Wine Dark Sea

Wine dark sea, by author, Stuart Aken.

A short story for your entertainment. Enjoy. Comment.

Wine Dark Sea

Eventually, the older couple, introduced only hours before, took the hint. The pair were last to leave the impromptu beach party. Silent but relieved of boredom, Danni silently urged them along the wooden jetty, the dying fire of sunset haloing the older woman’s silver curls into gold. Quinn, so close beside her his skin was warm on hers, waved as the older pair turned to acknowledge them before clambering aboard their motor launch. They took eternity to start the engine, slip the mooring ropes, but finally, they chugged into the night, bound for the stone harbour three miles up the island coast.

Danni was first on her feet. She glanced at Quinn, a prelude to mischief in her eyes. Her celebratory stretch emphasised slender curves and, dropping her arms, she slipped talented fingers under the bikini band, eased it past her knees and let it drop. Quinn relished the display, admiring her as the top half followed.

‘Come on, lazybones. I want to swim.’

Not what most occupied his mind. But he rose at leisure, kicked sand over the remains of their driftwood fire and the discarded fish bones, and only then removed his swimming shorts.
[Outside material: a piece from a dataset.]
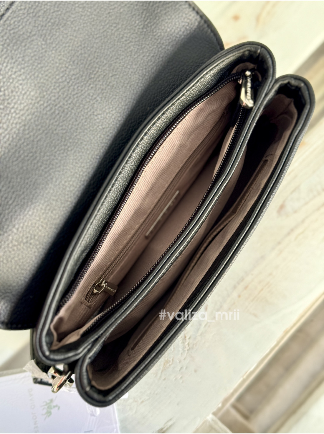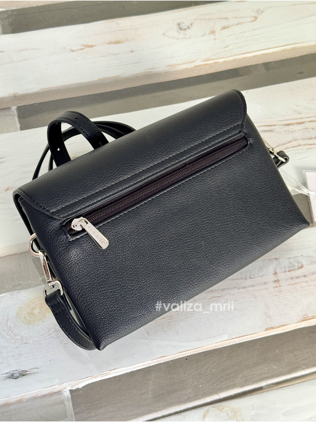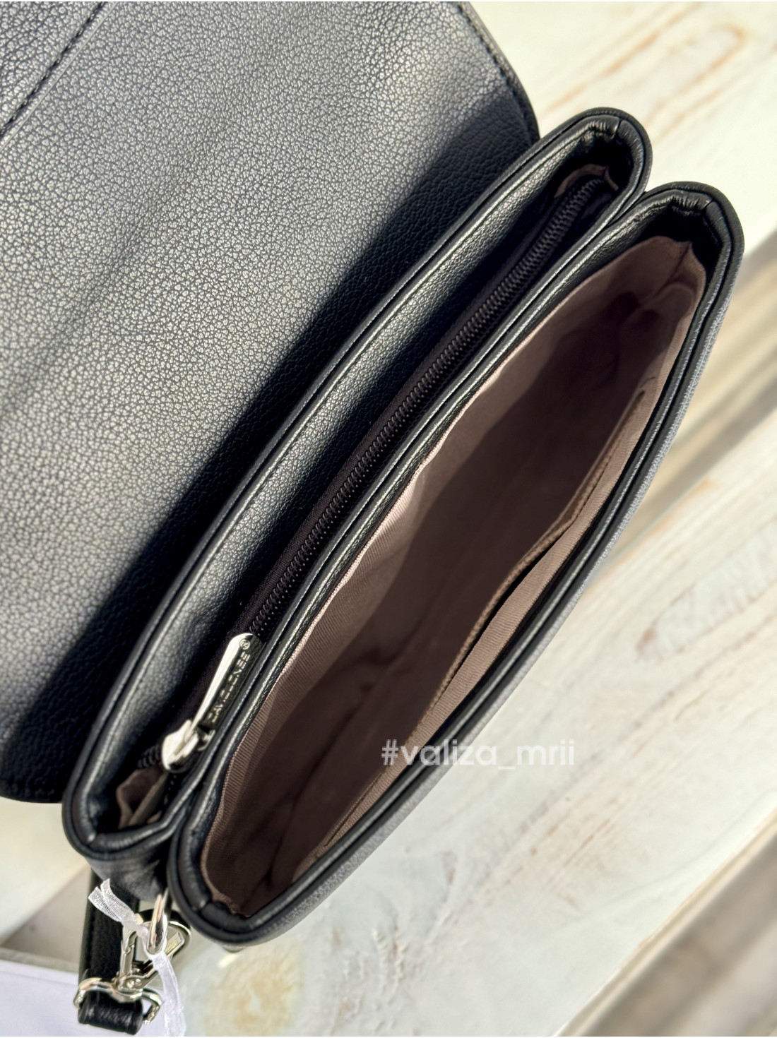 Всередині має два відділення, одне з яких закривається на блискавку, також є задню кишеню, ремінець регулюється.

Danni felt tempted. But had decided to swim first. Rocks and tide-washed seaweed made the initial twenty yards too hazardous to dare in the dim evening light, so she took him by the hand along the narrow jetty. At the end, close to where their yacht rocked gently with the swell, she sat and dabbled feet in warm Mediterranean waves.
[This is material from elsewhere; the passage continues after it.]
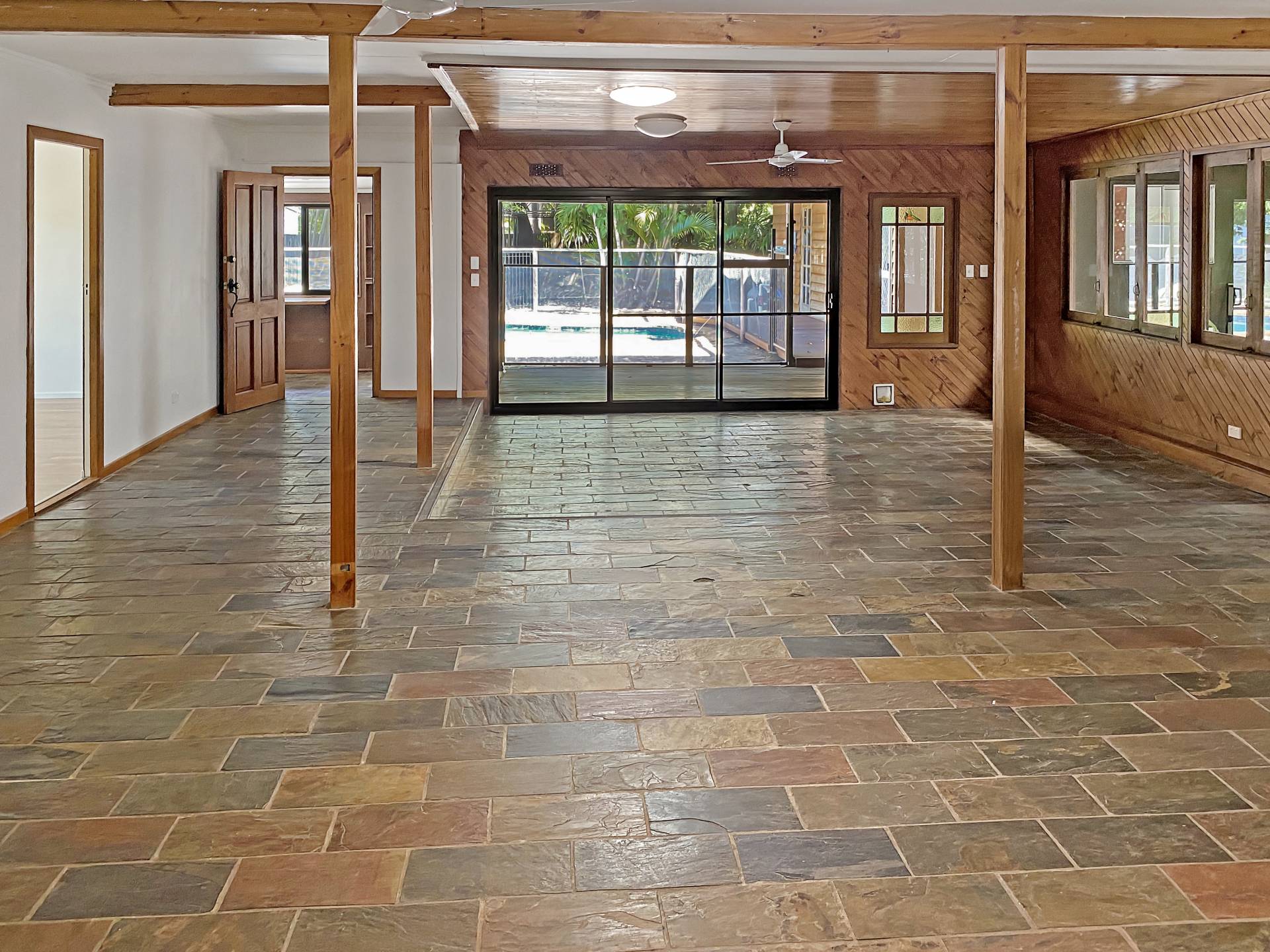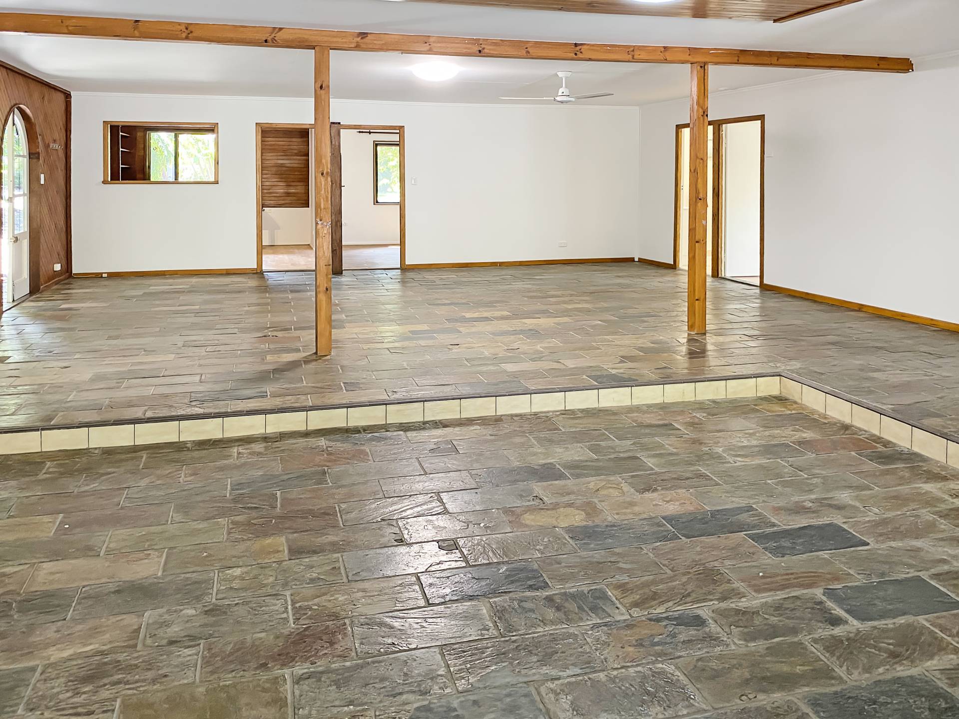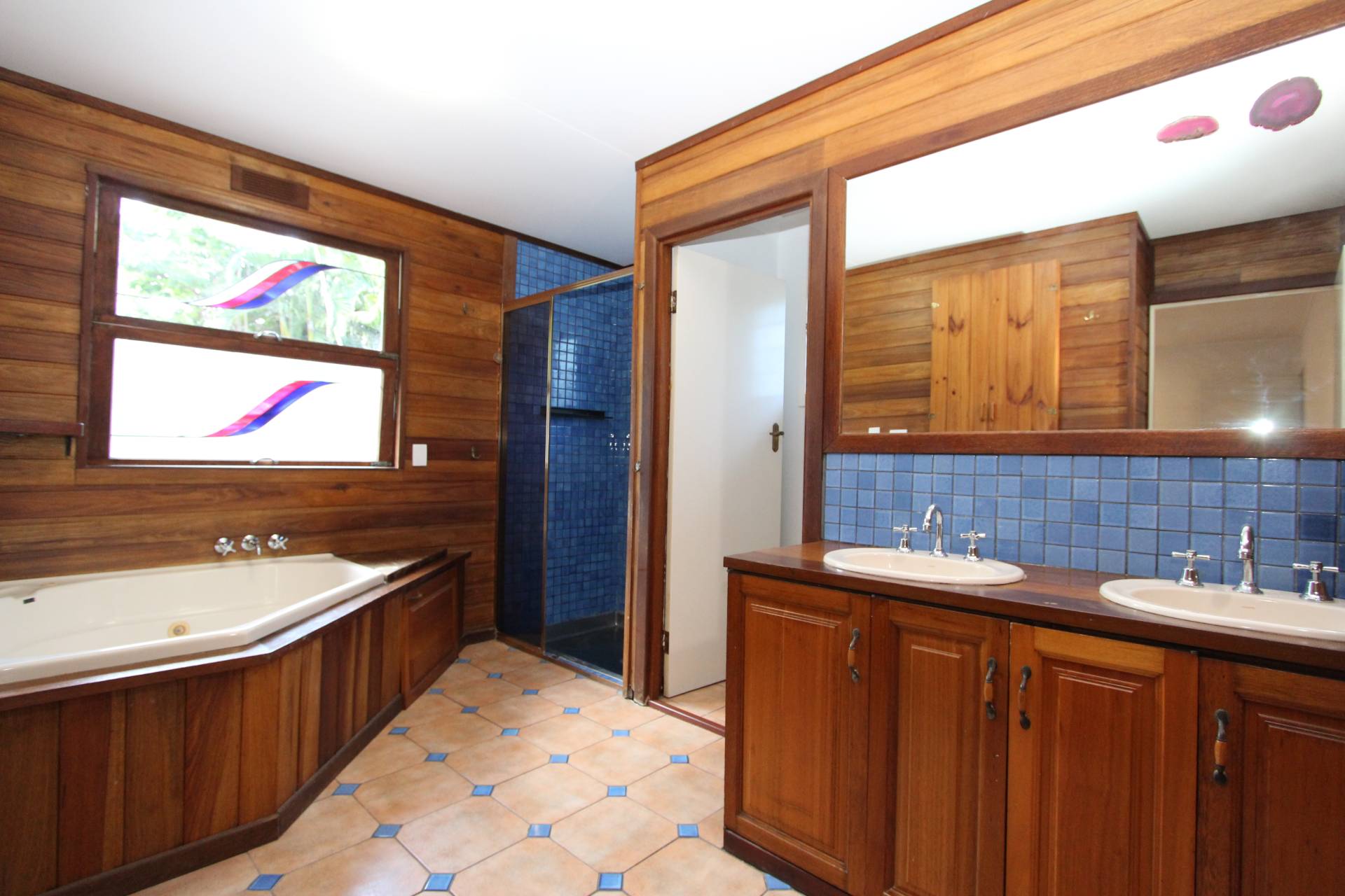 The open-plan living area is huge, with slate floors and a sunken lounge area opening onto a covered deck and looking out onto the pool. The first room to the left of the front door is set up as an office and the master bedroom is adjacent which features ensuite bathroom with corner bath, separate shower, large double vanity and private WC.

During the day, they’d marvelled through transparent turquoise to sand and rocks below. Fish, tiny silver darts, rounded fleshy ovals, dark flat rays, had played games of life and death beneath the surface. Now, the night mantled sky with mystery, rendering the sea unfathomable, veiled.

‘You can see why Homer called it “wine dark” when it’s like this.’

‘I hooked me a scholar.’ Quinn hunkered down beside her, ran a tender palm from her nape down her spine to cup a warm round curve of cheek.

Signs of surrender and complicity seeped through her, but she wanted, needed, to wash off smoke from the barbecue, sand that gritted soft skin. ‘Once around the boat, then we’ll collect our things, get aboard, and you can show me once again why I chose a hunk instead of someone with a brain.’

He pushed her into the water for her cheek, dropped in beside her. She came up gasping for air but laughing and shaking her hair to free her gaze. The night now so profound she found it hard to separate sky and sea. Only stars perforating looming black infinity marked that horizon. She turned to find Quinn and discovered in that direction the fine fresh crescent lancing the quiet surface with a band of light silhouetting each feature it encountered.

But no sign of her man.

‘Quinn?’

No answer. She knew he’d followed her into the water. He’d had no time to swim away from her.

‘Quinn!’

Nothing. No reply. No movement. No response.

‘Quinn, where are you?’

Only soft surf answered her, and her query dissolved into silence. Panic threatened. Where was he? What had happened to him? Dread surfaced.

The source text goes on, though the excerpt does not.